-- Opening Marker --

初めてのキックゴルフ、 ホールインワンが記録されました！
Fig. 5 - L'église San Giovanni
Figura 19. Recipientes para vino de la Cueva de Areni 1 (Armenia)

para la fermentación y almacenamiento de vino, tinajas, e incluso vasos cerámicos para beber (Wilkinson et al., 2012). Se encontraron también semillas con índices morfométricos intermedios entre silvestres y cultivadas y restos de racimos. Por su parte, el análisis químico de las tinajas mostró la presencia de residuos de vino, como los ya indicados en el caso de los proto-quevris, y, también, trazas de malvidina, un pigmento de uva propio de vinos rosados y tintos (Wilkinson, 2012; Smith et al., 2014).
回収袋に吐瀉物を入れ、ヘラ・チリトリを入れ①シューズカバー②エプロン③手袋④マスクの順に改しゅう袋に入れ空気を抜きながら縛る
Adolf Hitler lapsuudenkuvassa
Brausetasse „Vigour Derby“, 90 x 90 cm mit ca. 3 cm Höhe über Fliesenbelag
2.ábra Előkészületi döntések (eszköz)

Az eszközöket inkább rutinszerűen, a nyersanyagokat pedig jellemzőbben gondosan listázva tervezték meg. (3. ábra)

-- Closing Marker --
-- Opening Marker --

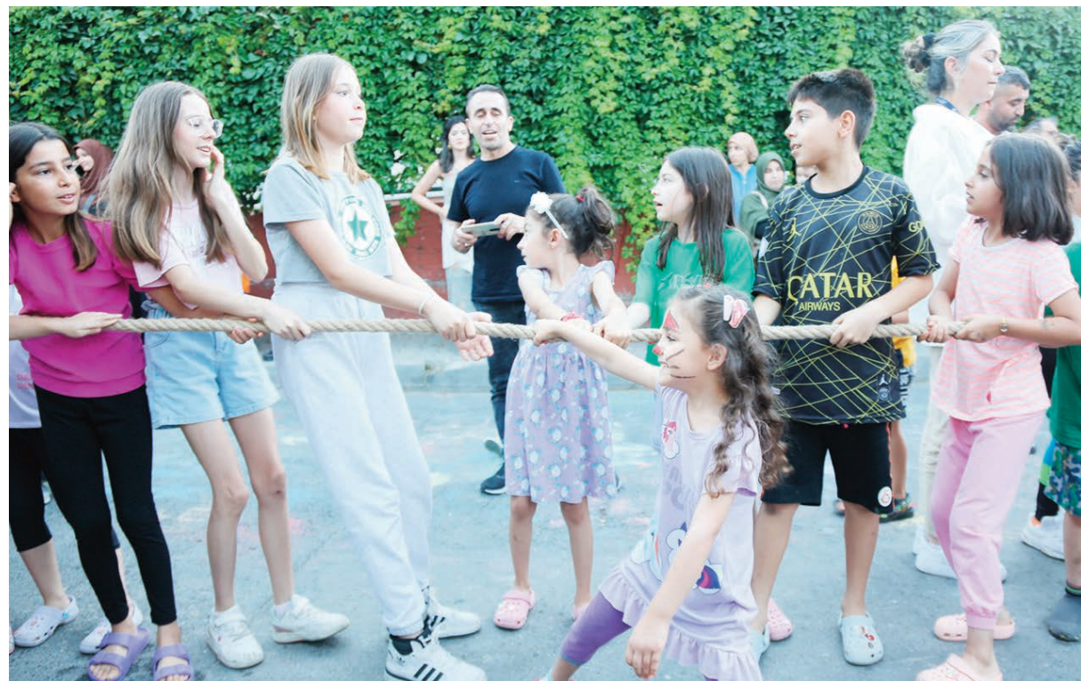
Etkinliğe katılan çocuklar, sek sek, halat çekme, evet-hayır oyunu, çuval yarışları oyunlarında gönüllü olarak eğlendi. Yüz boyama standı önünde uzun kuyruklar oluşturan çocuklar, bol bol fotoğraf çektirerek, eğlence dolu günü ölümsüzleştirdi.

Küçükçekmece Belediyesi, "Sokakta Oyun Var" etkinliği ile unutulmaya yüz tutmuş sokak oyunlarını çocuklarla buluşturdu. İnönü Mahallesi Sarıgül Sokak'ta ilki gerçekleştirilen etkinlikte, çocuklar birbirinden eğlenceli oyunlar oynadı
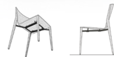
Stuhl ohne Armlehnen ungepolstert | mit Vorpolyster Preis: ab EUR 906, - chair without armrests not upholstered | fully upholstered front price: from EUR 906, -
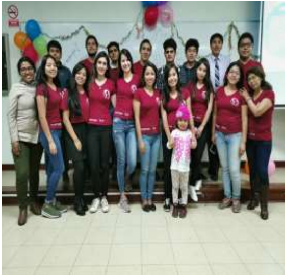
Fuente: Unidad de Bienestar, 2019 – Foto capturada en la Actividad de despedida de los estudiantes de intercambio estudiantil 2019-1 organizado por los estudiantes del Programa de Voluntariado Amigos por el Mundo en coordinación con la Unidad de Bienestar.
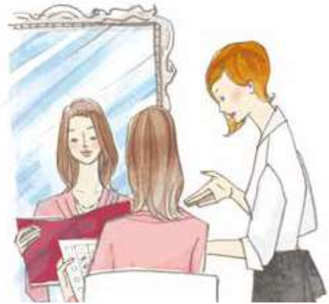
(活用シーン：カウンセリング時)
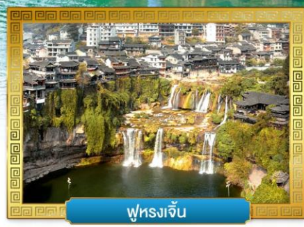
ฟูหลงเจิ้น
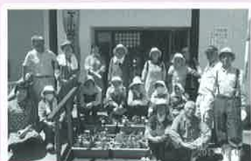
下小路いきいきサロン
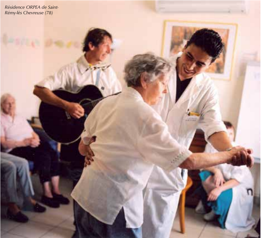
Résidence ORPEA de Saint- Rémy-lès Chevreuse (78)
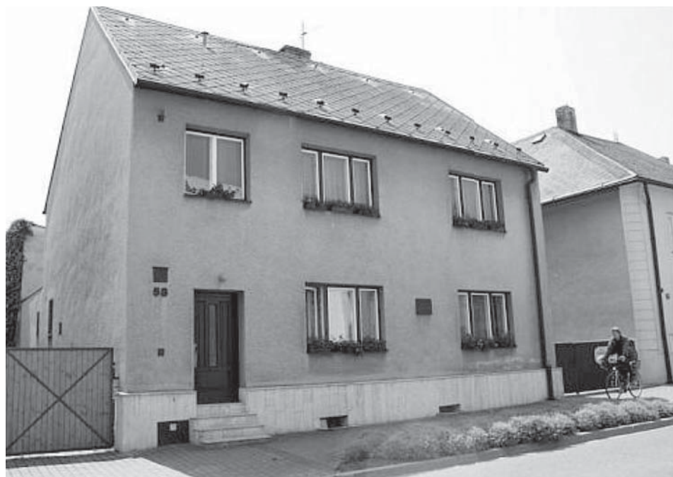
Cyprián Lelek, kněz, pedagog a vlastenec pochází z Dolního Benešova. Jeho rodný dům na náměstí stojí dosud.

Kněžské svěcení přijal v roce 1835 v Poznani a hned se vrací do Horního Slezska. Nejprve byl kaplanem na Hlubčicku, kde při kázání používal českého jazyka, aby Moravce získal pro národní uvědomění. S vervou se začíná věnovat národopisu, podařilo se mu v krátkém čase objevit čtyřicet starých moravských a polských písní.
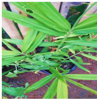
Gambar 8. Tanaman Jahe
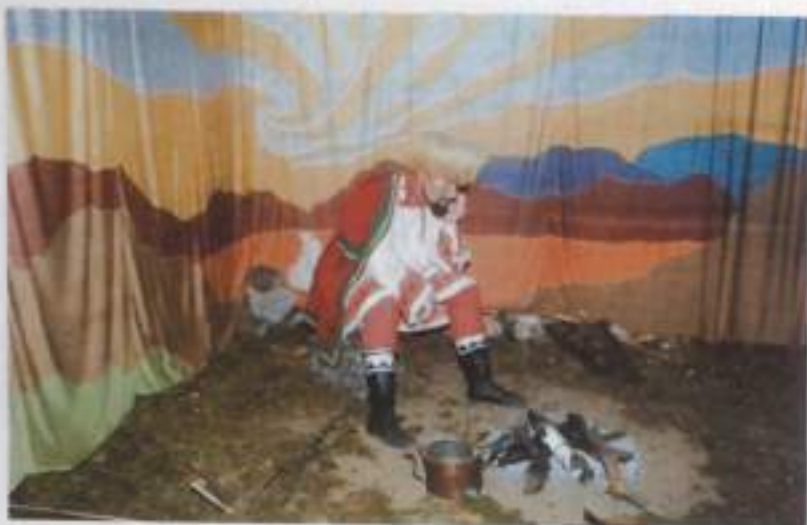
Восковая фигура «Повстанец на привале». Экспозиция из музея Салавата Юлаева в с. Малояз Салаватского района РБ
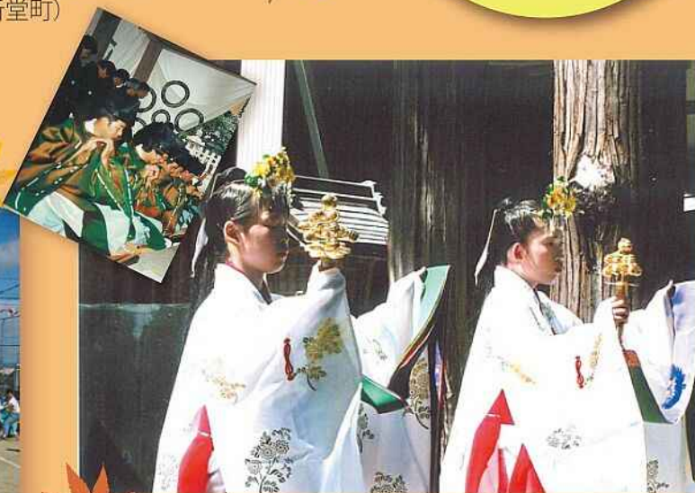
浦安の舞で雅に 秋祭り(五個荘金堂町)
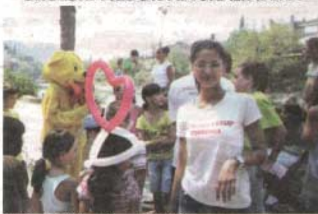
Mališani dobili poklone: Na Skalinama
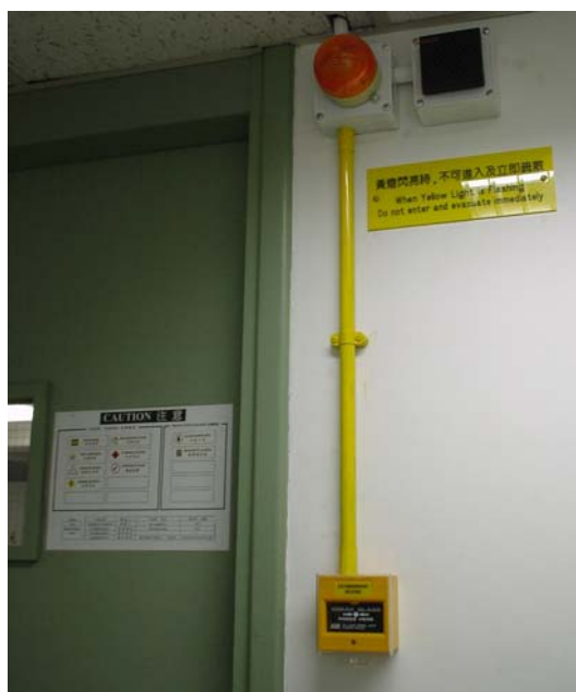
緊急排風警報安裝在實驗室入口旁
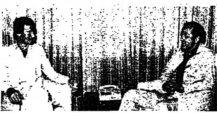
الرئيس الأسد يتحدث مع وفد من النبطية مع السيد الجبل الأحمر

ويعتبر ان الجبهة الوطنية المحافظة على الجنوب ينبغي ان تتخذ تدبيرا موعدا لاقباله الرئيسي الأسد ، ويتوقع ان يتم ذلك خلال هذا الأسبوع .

-- Closing Marker --
-- Opening Marker --

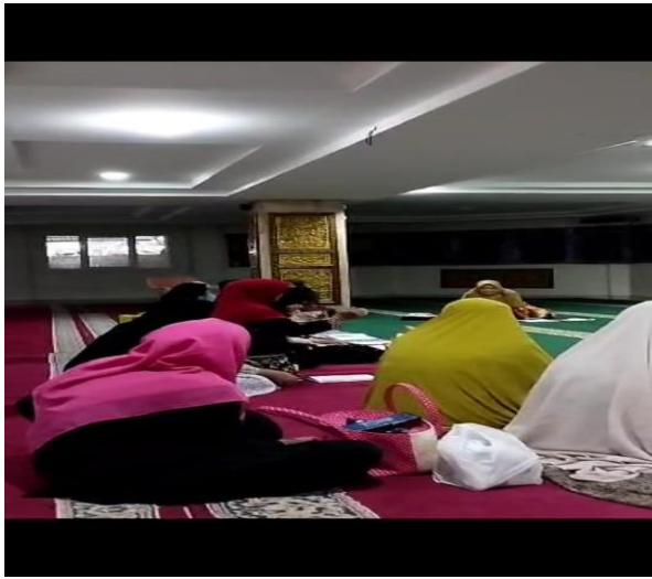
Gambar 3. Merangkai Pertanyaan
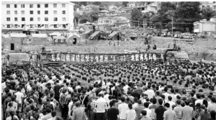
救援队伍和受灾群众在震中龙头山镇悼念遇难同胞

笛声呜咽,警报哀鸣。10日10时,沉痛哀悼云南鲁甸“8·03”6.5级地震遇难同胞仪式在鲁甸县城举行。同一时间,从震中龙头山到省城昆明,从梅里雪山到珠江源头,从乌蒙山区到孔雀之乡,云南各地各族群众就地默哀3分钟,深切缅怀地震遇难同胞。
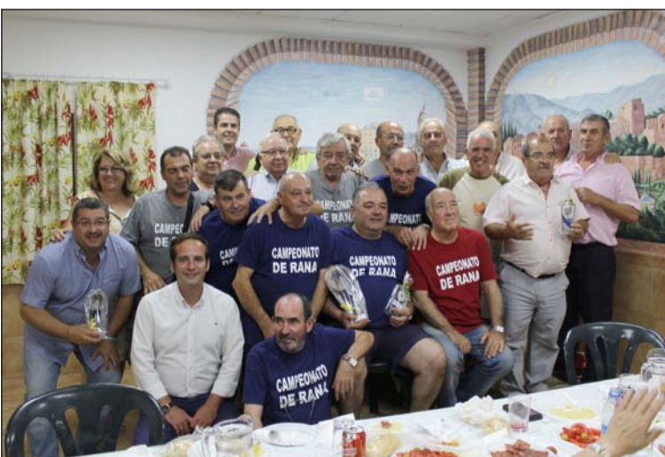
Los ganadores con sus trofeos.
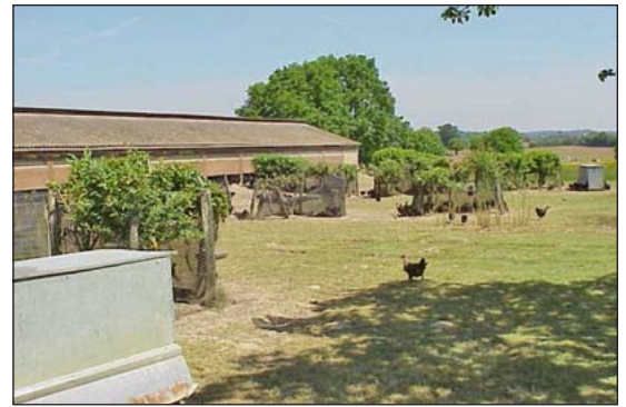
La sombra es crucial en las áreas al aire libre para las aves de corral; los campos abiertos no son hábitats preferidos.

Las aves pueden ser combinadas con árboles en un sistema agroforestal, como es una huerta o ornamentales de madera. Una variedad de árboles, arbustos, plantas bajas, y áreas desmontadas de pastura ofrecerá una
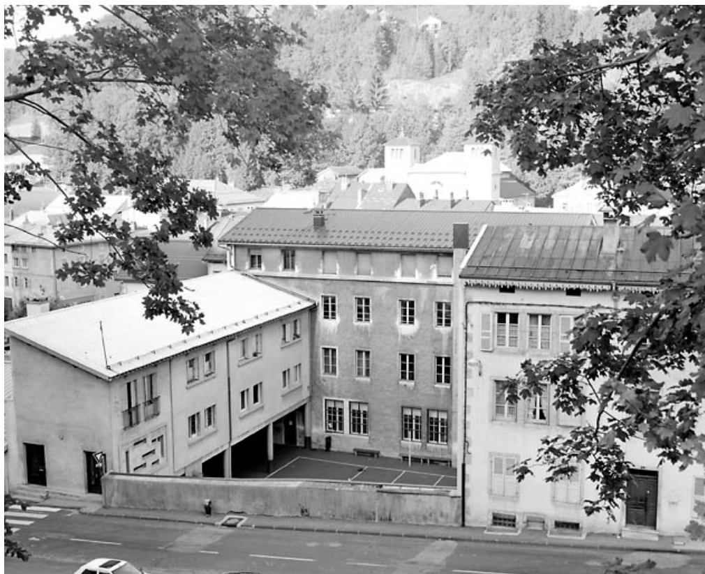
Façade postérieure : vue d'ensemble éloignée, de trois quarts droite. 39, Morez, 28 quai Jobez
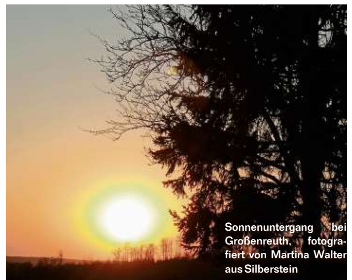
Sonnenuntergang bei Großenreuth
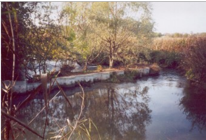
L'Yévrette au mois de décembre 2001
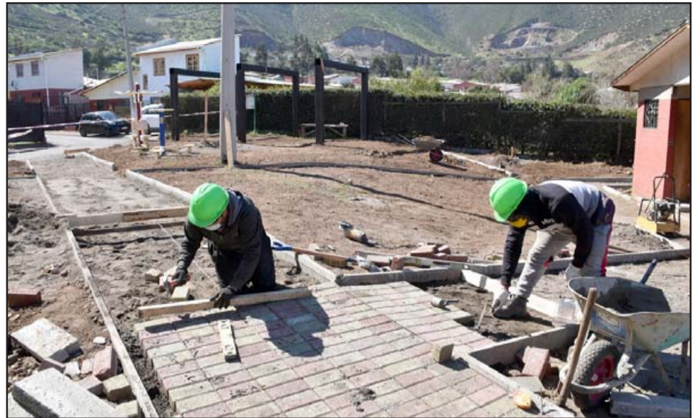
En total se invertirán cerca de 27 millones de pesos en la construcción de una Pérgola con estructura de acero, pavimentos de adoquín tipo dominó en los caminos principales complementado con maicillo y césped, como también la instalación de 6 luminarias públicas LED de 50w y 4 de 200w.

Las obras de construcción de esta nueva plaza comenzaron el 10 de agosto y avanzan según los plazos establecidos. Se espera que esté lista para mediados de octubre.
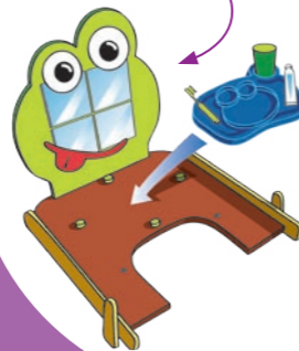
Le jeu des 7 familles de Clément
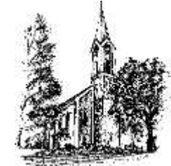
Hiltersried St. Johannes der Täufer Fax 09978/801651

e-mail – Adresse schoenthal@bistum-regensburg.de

-- Closing Marker --

Goal of the exercise —
Above are the records; repeat exactly the lines from the one holding "初めてのキックゴルフ、 ホールインワンが記録されました！" down to the one holding "Figura 19. Recipientes", end lines included.

Exercise output —
初めてのキックゴルフ、 ホールインワンが記録されました！
Fig. 5 - L'église San Giovanni
Figura 19. Recipientes para vino de la Cueva de Areni 1 (Armenia)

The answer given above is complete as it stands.